■ YOUR TASK: Copy the listing exactly as given. Omit every picture.

*** Opening of DATASET CONTENT ***

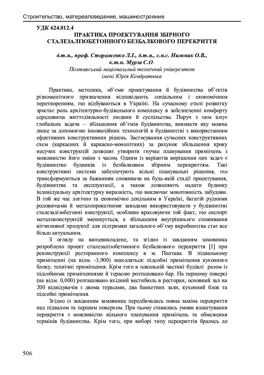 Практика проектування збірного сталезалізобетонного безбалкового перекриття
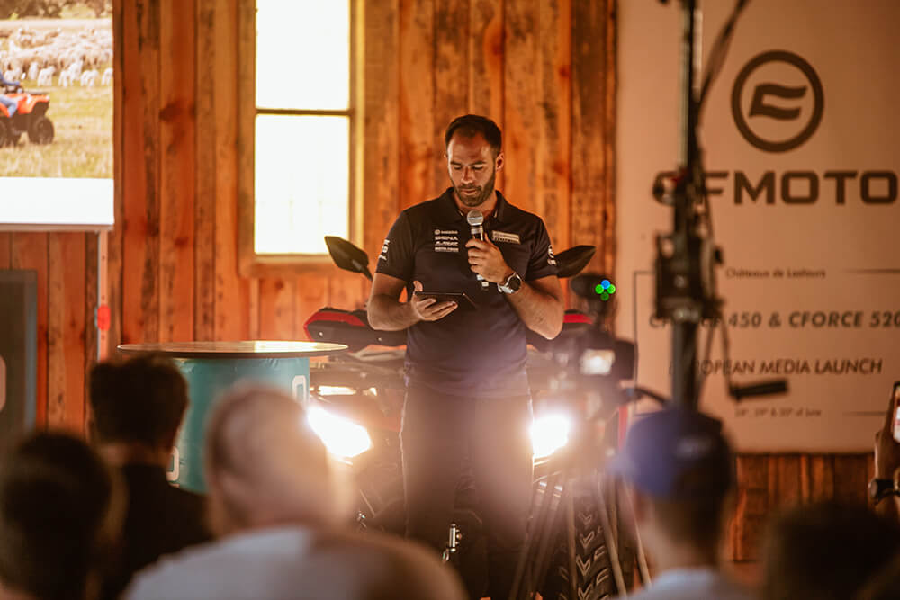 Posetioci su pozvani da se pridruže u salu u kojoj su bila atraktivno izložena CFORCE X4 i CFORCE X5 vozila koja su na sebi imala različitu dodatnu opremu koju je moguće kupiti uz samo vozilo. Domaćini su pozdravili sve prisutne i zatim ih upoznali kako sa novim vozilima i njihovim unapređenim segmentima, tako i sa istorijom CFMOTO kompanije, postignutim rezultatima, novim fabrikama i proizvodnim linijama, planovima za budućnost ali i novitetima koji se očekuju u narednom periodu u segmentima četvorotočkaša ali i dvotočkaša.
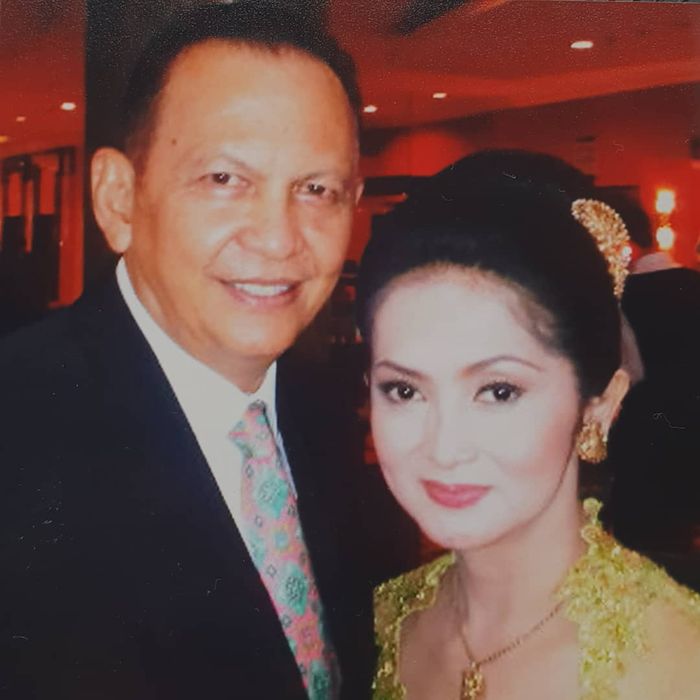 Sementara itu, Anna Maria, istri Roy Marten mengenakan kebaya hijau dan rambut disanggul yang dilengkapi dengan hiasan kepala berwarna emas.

*** Close of DATASET CONTENT ***

■ WRITTEN SOLUTION:
 Практика проектування збірного сталезалізобетонного безбалкового перекриття
 Posetioci su pozvani da se pridruže u salu u kojoj su bila atraktivno izložena CFORCE X4 i CFORCE X5 vozila koja su na sebi imala različitu dodatnu opremu koju je moguće kupiti uz samo vozilo. Domaćini su pozdravili sve prisutne i zatim ih upoznali kako sa novim vozilima i njihovim unapređenim segmentima, tako i sa istorijom CFMOTO kompanije, postignutim rezultatima, novim fabrikama i proizvodnim linijama, planovima za budućnost ali i novitetima koji se očekuju u narednom periodu u segmentima četvorotočkaša ali i dvotočkaša.
 Sementara itu, Anna Maria, istri Roy Marten mengenakan kebaya hijau dan rambut disanggul yang dilengkapi dengan hiasan kepala berwarna emas.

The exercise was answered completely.